Extracted data entries
□ □ □
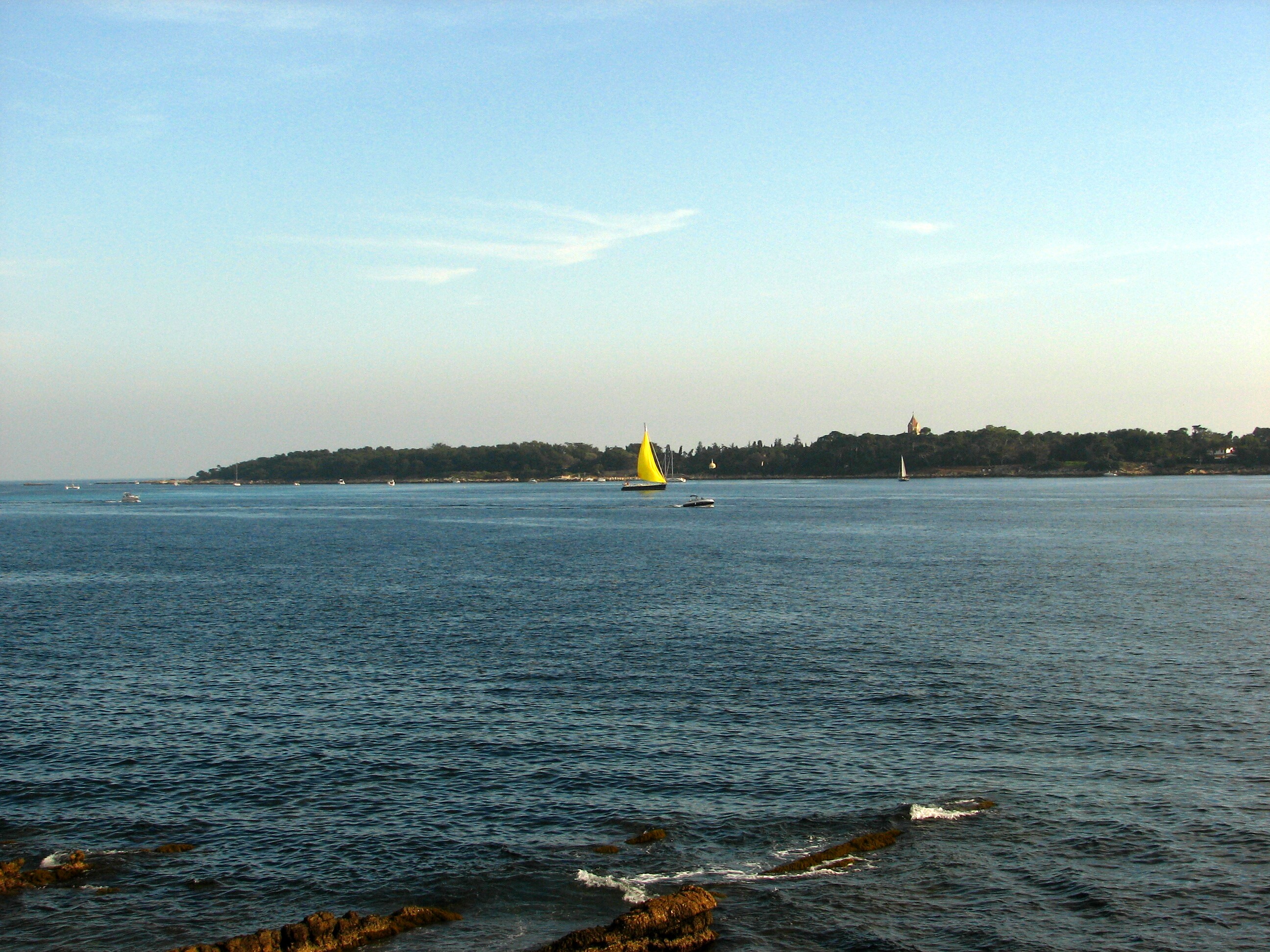 A colourful sailboat in front of the other island, St-Honorat.
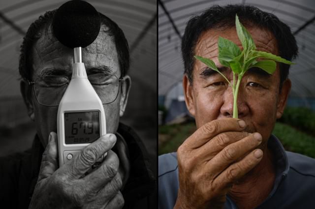 지난 2024년 11월 20일, 안효철 당산리 이장이 찡그린 얼굴로 소음 측정기를 손에 쥐고 있다(왼쪽 사진). 당시 북측이 쏟아내던 대남 소음 방송의 크기는 70데시벨(dB)을 넘나들었다. 이는 가까이 있는 청소기 소리에 버금가는 수준이다. 그로부터 7개월 뒤 안 이장이 다시 카메라 앞에 섰다. 그사이 대남 방송은 멎었고, 그의 손에는 소음계 대신 들깨 모종이 들렸다. 강화=하상윤 기자 |
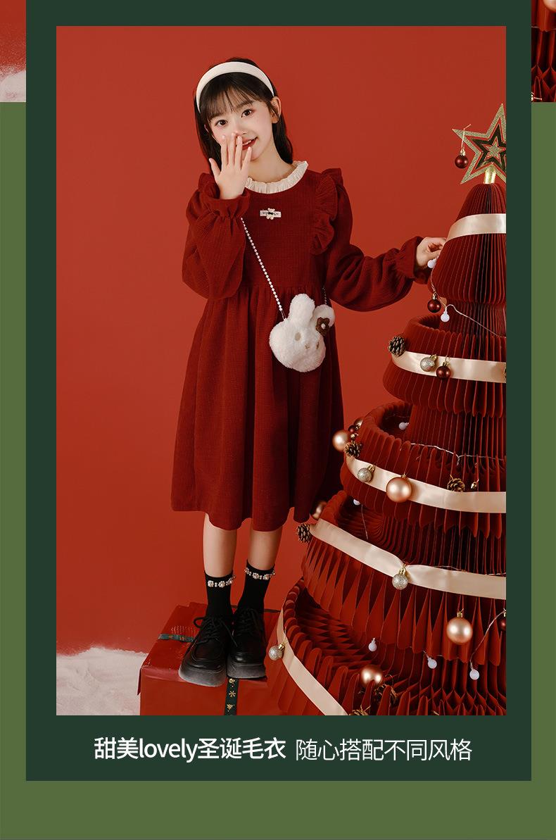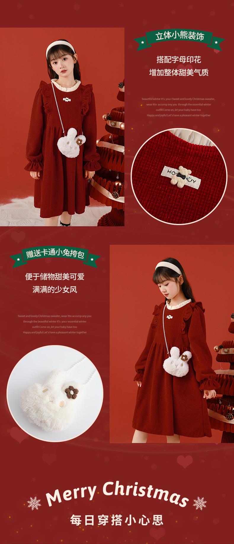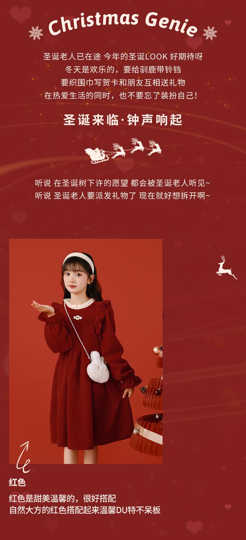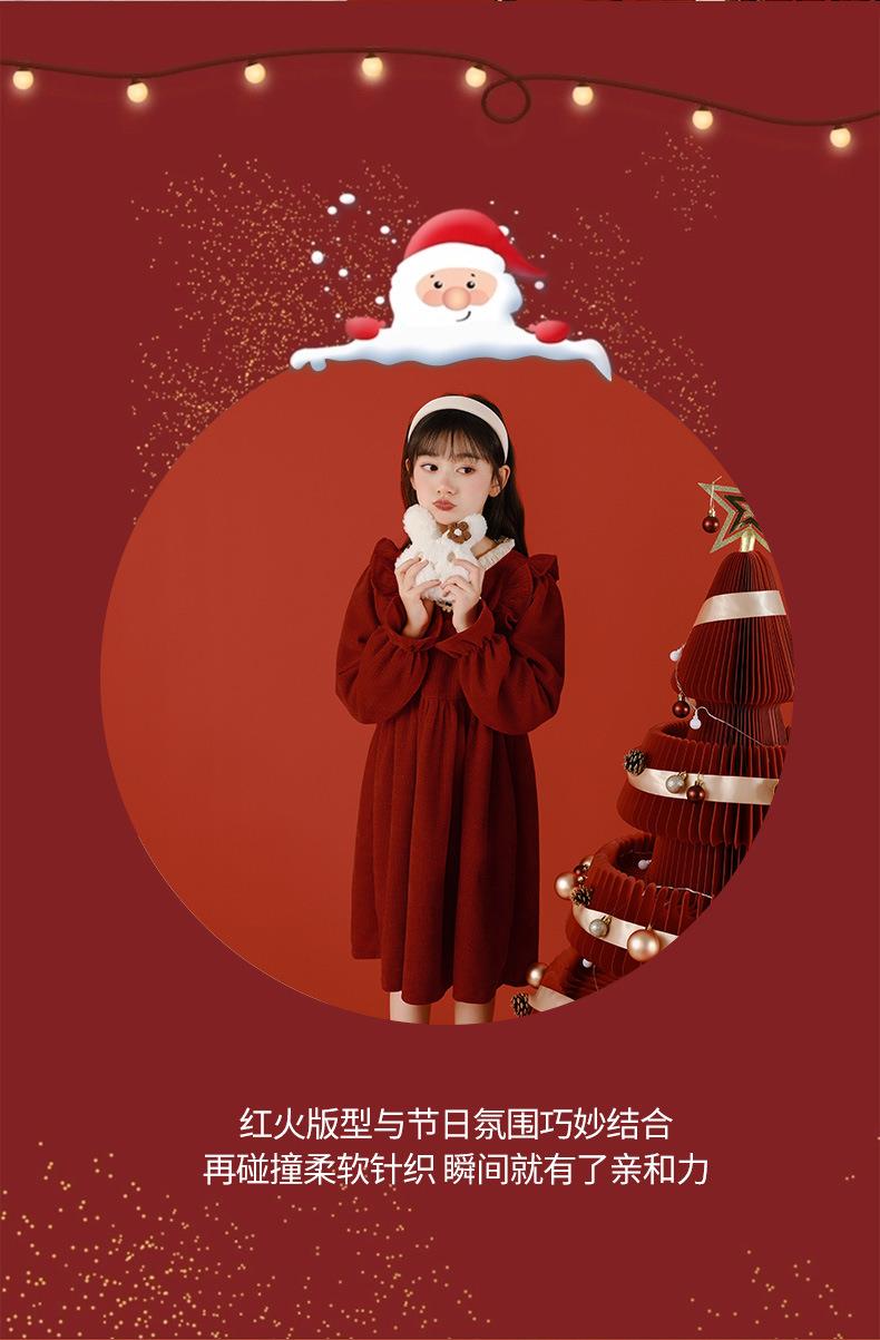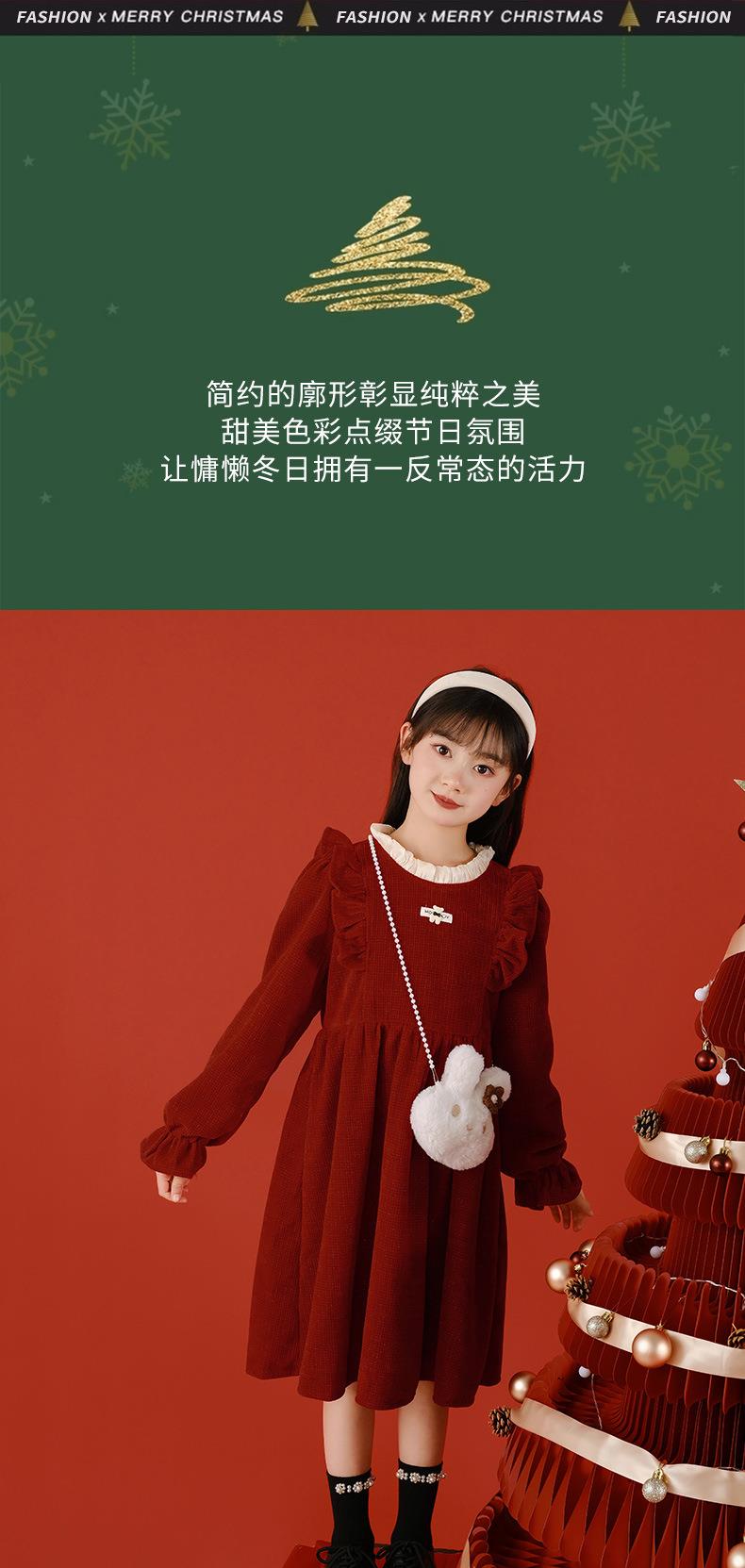 大女童连衣裙加绒童装红色秋冬新款一件代发新年2025洋气公主裙
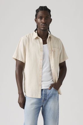 Off-duty mood Stripe design Revere collar Button placket Short sleeves Chest pockets Regular fit.
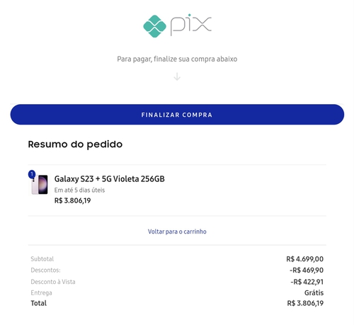 Só é possível chegar a esse valor pelo app do Samsung Menbers encontrado na aba de benefícios e entrar na loja menbers shop para aproveitar à oferta a vista.
□ □ □
Please retype exactly the lines from the one containing "지난 2024년 11월" through the last line of the records, both included, leaving out every picture.

## ANSWER TO THIS EXERCISE
 지난 2024년 11월 20일, 안효철 당산리 이장이 찡그린 얼굴로 소음 측정기를 손에 쥐고 있다(왼쪽 사진). 당시 북측이 쏟아내던 대남 소음 방송의 크기는 70데시벨(dB)을 넘나들었다. 이는 가까이 있는 청소기 소리에 버금가는 수준이다. 그로부터 7개월 뒤 안 이장이 다시 카메라 앞에 섰다. 그사이 대남 방송은 멎었고, 그의 손에는 소음계 대신 들깨 모종이 들렸다. 강화=하상윤 기자 |
 大女童连衣裙加绒童装红色秋冬新款一件代发新年2025洋气公主裙
 Off-duty mood Stripe design Revere collar Button placket Short sleeves Chest pockets Regular fit.
 Só é possível chegar a esse valor pelo app do Samsung Menbers encontrado na aba de benefícios e entrar na loja menbers shop para aproveitar à oferta a vista.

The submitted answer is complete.